While I don’t buy completely into Schwartz’s belief that Backus should have gotten votes for the Pro Bowl, I do buy into the idea that Backus is doing a very solid job. He is an outstanding run blocker, and while we all wish he was a little quicker on those edge rushers, he actually does a very good job.

He’s not a top-five LT for me, but he might be top-10 and certainly top-15. That doesn’t mean a team can’t upgrade the position, but it does mean you don’t count LT as a top need on a 2-14 team.

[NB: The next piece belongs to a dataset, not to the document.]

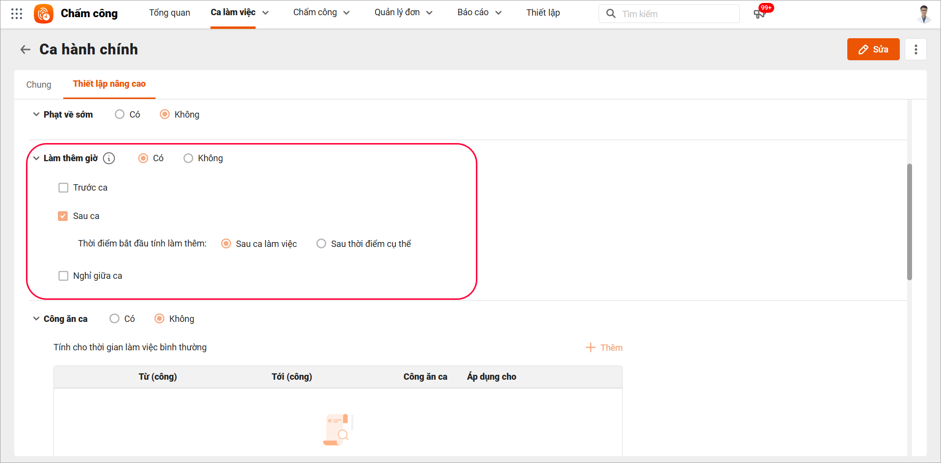 Tại Ca làm việc, mục Tùy chỉnh nâng cao: tích chọn “Làm thêm giờ” và các thời điểm cho phép nhân viên làm thêm (trước ca, sau ca, nghỉ giữa ca).

But it goes deeper then need or even want with Jeff Backus. For one, he is clearly respected among his teammates as one of the hardest workers who always does his job to the best of his ability. This is a guy that through various injuries, new schemes, and even an 0-16 season has always taken his spot as the starting LT for nine years and never missed a game. He’s a student of the game and tireless in perfecting his craft.

In other words, he is exactly what Schwartz is preaching to his team: The only way out of this mess is hard work and dedication to the cause.

If you bring in Gaither, the question is not can we get him motivated; the question becomes how we will motivate the rest of the team if we replace maybe the most respected player in the clubhouse with someone of questionable heart.

Players respect it when a fellow player is beaten out by someone who has put in the effort to earn it, but they have to question why they should work that hard if they believe the team would replace them with a player who merely flashes potential. The mantra has to be work hard every day and good things will happen.

I go back to Friedgen’s quote and how he saw Gaither’s work ethic as an attack on his credibility, and we have to wonder if it wouldn’t be the same threat for Schwartz. I have nothing against taking some chances on a talented player who was looking for a chance to prove himself. However, that is not the situation with Gaither.

First you have the compensation for the Ravens, and then you have to consider that he will want a long-term contract at LT price. Considering Drew Rosenhaus is his agent and he still has plenty to prove, I wouldn’t be in any hurry to sign him to anything.

The Lions culture is still evolving and far too fragile to endanger it by bringing in Gaither for my taste. In my mind I’m channeling Nancy Reagan, and I'm going to “just say no.”